He then frowned. “Oh, wait, I can’t tonight. I’m going out to dinner with my girlfriend. It’s our six month anniversary.”

“Oh.” I didn’t understand this oh either, even though it was my own.

“But,” he said, possibly noticing my disappointment, “we could always get together some other time.”

“Yeah, yeah we could.” I said, with my less-famous version of the half-smile.

“How about tomorrow night?”

“I’m flying out tomorrow morning.”

“Oh.” He said. The third oh left unresolved.

“You’d like her.” He said, I guess to ward off the awkward silence.

“Her who?”

“My girlfriend. Linda. You’d like her. She’s a chiropractor.”

“That’s nice.” That’s not even a real doctor. I’m more of a medical doctor than she is. “Well, I’d better go.”

“Aww, why?” he said in a faux little-kid voice. I couldn’t help but smile.

“I have to get home so my family can criticize the fact that I’m thirty-two, single, and make more money than them by being a nerd instead of, quote, ‘working’.”

Richie laughed. “Have fun with that. Your total is twenty-six fifty.”

I had forgotten about my Coke and vent purchase. I paid, then had an idea. “Hey, how much do you have saved up to go back to school?”

“Not enough.” He said with a sigh.

“How much do you need?” I said, still lingering on my checkbook.

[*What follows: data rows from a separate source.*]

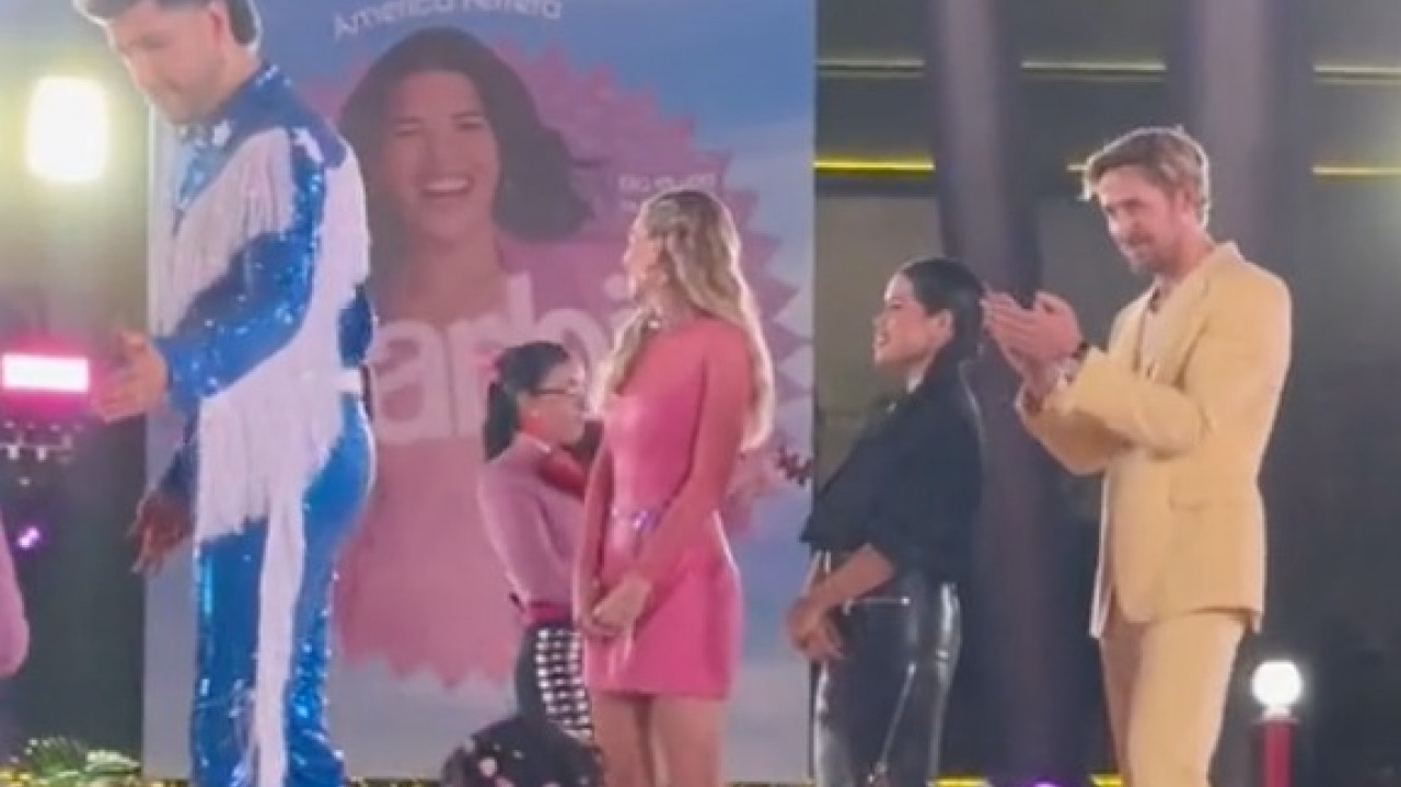 Margot Robbie y Ryan Gosling, protagonistas de la cinta, fueron recibidos con mariachi, conformado sólo de mujeres, quienes estaban vestidas de color rosado.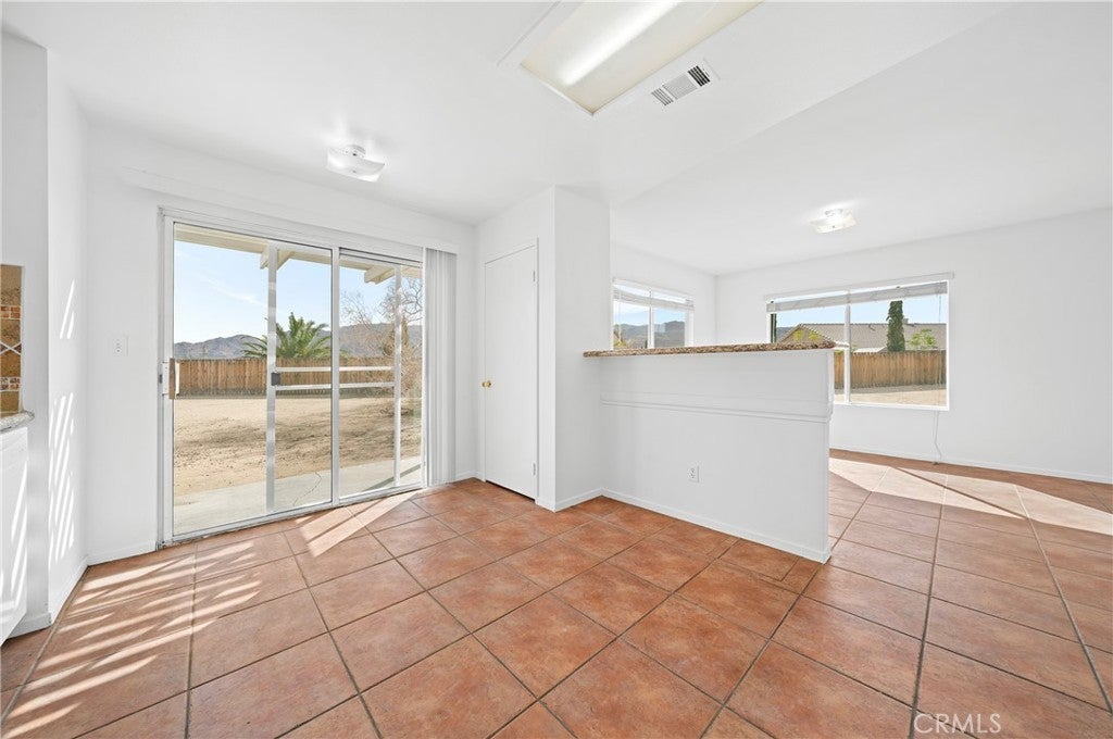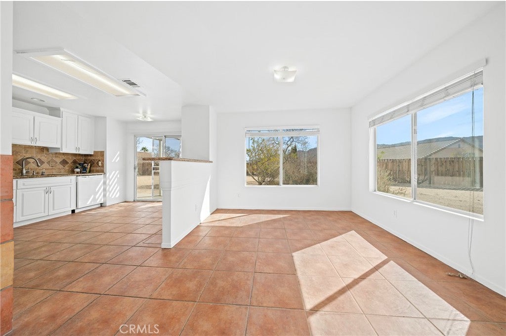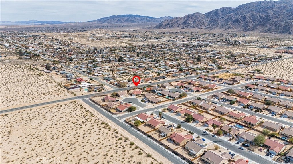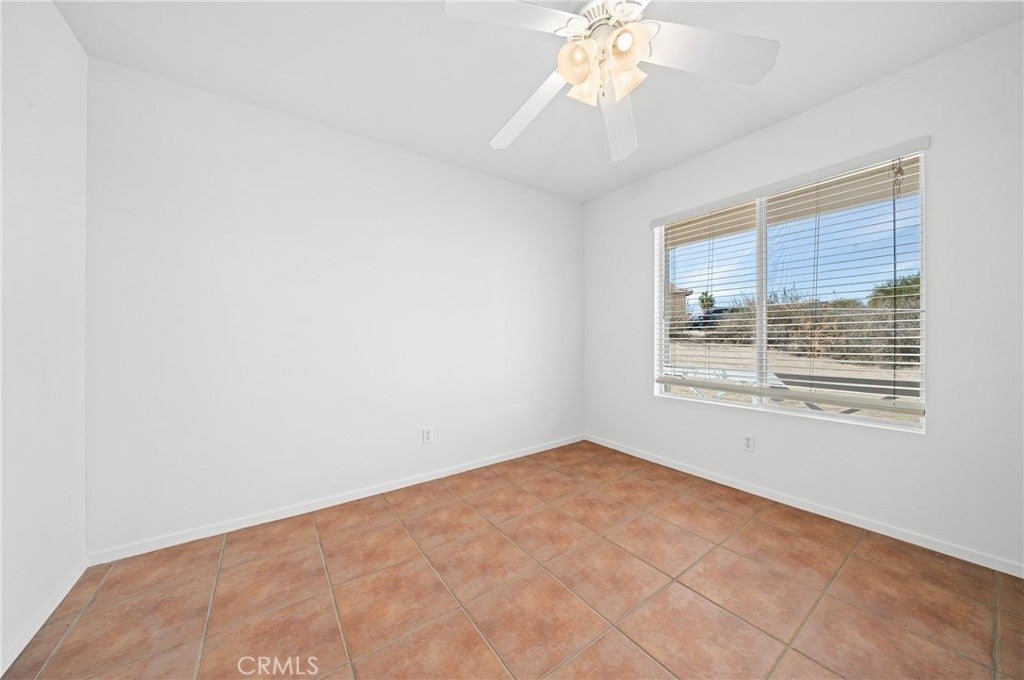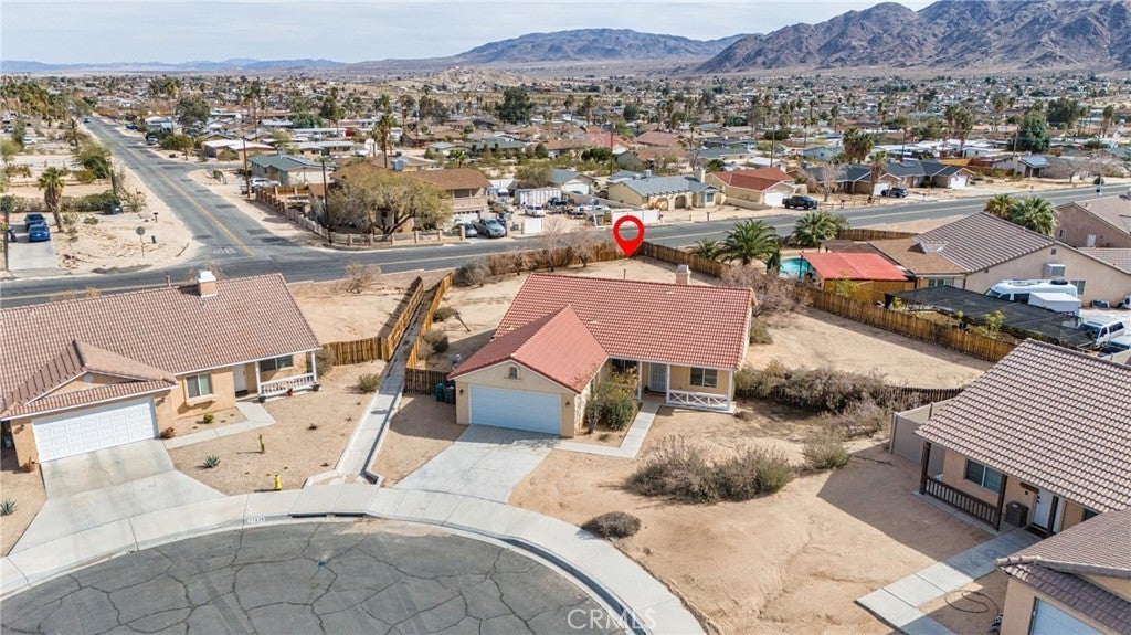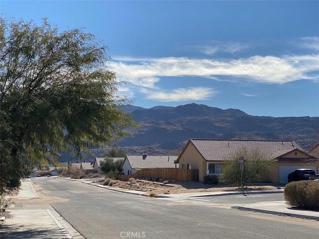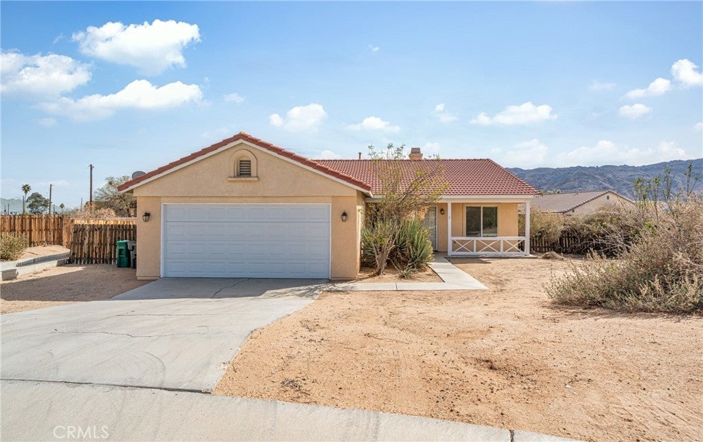 BACK ON THE MARKET!!! Beautiful desert family home nestled on a huge corner lot with breathtaking Mountain views and just minutes away from Joshua Tree National Park. Huge corner lot on a cul-de-sac!! Perfect for an ADU, Pool, RV and so much more!! This home features 3 spacious bedrooms, 2 bathrooms, plus a 4th bonus room that would be perfect for a home office, den, family room or a 4th bedroom. From the moment you arrive, you'll notice charming curb appeal with mature landscaping, tile roof and wood privacy fencing. Once inside you will find a bright and airy living room with large dual-pane windows that bring in lots of natural light, a cozy gas fireplace and a ceiling fan. A spacious kitchen with a large pantry, granite countertops, wood cabinets and a breakfast bar. Formal Dining area next to the kitchen bar is conveniently located and perfect for entertaining. The primary suite has his and hers walk-in closets with plenty of space, a private bathroom with dual sinks, granite countertops and wood cabinets with plenty of storage space and its own private access to the backyard. Each of the guest rooms have ceiling fans, large closet space, beautiful natural light offering an inviting vibe. The guest bathroom also offers top-of-the-line materials, granite countertops, wood cabinets with plenty of storage space. Home offers new interior paint throughout, Spanish tile floor throughout, central air conditioning unit, automatic irrigation system on the front and back yard, tile roof, inside laundry with cabinets for plenty of storage and ceiling fans on all bedrooms. The two car garage has been newly painted throughout including the floors with epoxy floor paint ready to be set up as a game room, home gym or an art studio offering endless possibilities. A huge backyard with stunning mountain views, plenty of space for a pool or a guest house and possible RV Parking. Great location near shopping, schools, hiking trails, off roading trails, ATV and Buggy trails, stargazing, camping. Just minutes away from Joshua Tree National Park, known as a haven for artists and nature lovers and a popular destination for photography and filming. Don’t miss out on the opportunity to make this home yours… Appliances included in sale! (Washer, Dryer and Refrigerator)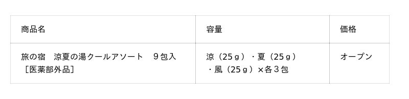 「旅の宿」夏の定番「涼夏の湯クールアソート」は、冷涼成分「メントール」を配合し、湯上がり気分爽快な「涼」・「夏」・「風」3種類を詰め合わせた数量限定商品です。シトラスミントの香りの「涼」は瑠璃色(るりいろ)、ハーバルミントの香りの「夏」は浅葱色(あさぎいろ)、フレッシュミントの香りの「風」は薄浅葱色(うすあさぎいろ)のとうめいな湯色で、香りからも視覚からも夏らしさを感じていただけます。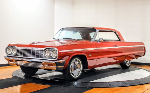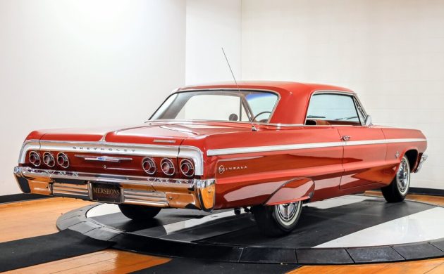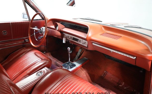 This 1964 Impala was ordered during the final year of Third Generation production, and, as the SS variant, it features beautiful engine-turned bright trim that stands out against the car’s dazzling Ember Red paint. The fender skirts accentuate the low, sleek lines, allowing the Impala to make a bold visual statement. Finding anything to criticize about the car’s presentation is seemingly impossible. What makes this classic particularly noteworthy is the fact that the paint is original. That is amazing when you scrutinize the images and discover how few imperfections it has accumulated in over six decades. This SS has a known ownership history and has only ventured from its warm, dry garage on weekends, making its lack of rust unsurprising. The glass is crystal clear, and the spinner wheel covers suit this car’s character perfectly.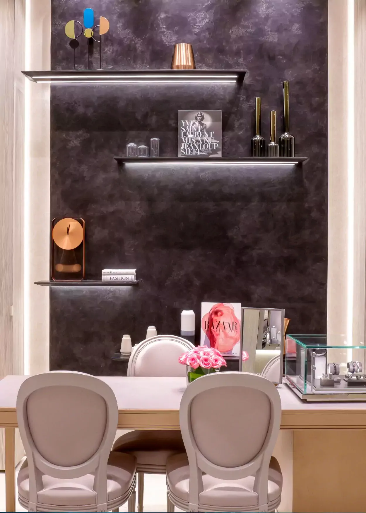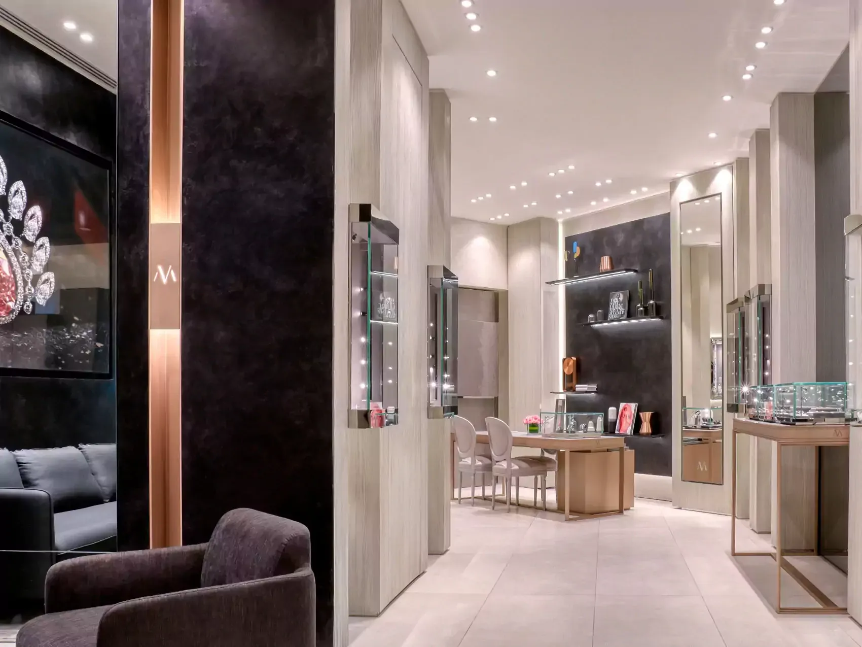 A boutique created in a magical setting that echoes the Messika’s codes. symmetry of the designs, transparency of the stained-glass, marble floor, everything is imagined to take you on an original journey around our diamond collections.

“I don’t know, I guess about…no. No. No no, no, no.”



“Just let me give you some money.”


“Why not?”

“Thou shalt not giveth thy money away!”

“Why not!”


“Look, I make more money at the museum than I can ever use. Let me help you out!”

“Why would you do that!”

“Because I want to see your dream come true!” Our voices had risen to screaming, but after that, all was quiet. “Look,” I said, almost in a whisper, “here’s two thousand dollars. It’s not a lot in college terms, but at least it’ll pay for some books or something.” I wrote a check, folded it, leaned over, and put it in his shirt pocket. He smelled good. He reached out and put his hand on top of mine.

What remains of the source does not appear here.